WASHINGTON COUNTY (KFSM) — Crews with Energy Solutions pulled a decommisioned nuclear reactor from the Southwest Experimental Fast Oxide Reactor site, kno...

WASHINGTON COUNTY (KFSM) -- Crews with Energy Solutions pulled a decommisioned nuclear reactor from the Southwest Experimental Fast Oxide Reactor site, known as SEFOR, near the Strickler community.

Dean Wheeler, project manager with Energy Solutions, says their first significant activity consisted of knocking down the containment building.

"We had to demolish the containment dome, which is a steel dome, and the bio-shield structure around the reactor," Wheeler said.

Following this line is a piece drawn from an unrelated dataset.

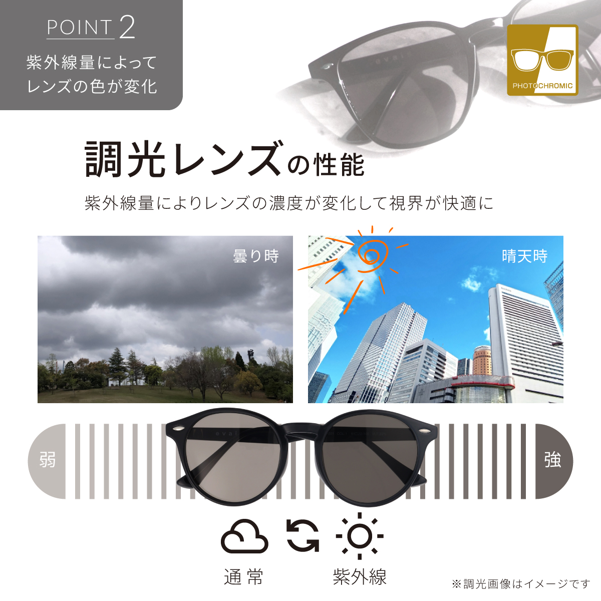 調光機能は、紫外線量に合わせてレンズの色が自動で変化します。屋外では濃い色のサングラスとして、屋内やトンネル内ではクリアに近い視界へスムーズに切り替わるため、一日中かけたままで過ごすことができます。

The reactor weighs 84-thousand pounds and was lifted with a large crane, and placed into a carbon steel containment vessel.

He tells me the next step was taking out the reactor.

Since 2016, The University of Arkansas has used federal funds to figure out how to dismantle the building.

Ricky Long lives nearby. He says his grandfather used to work at the former nuclear plant.

"I was about 12 or 13, and I would come over and visit with him at night," Long said. "He was a guard here, and I know some other people who have worked on the actual site and built the reactor back then."

Although Long has fond memories at SEFOR with his grandfather, he's glad to see the nuclear reactor gone.

"It's just kind of been an eyesore, but it's also kind of been a landmark type thing too. But if it's gone, it'll open it up for something else."

The complete clean up should be finished by spring 2019.

The University of Arkansas took ownership of SEFOR in 1975 for research but closed it down by the mid-1980s.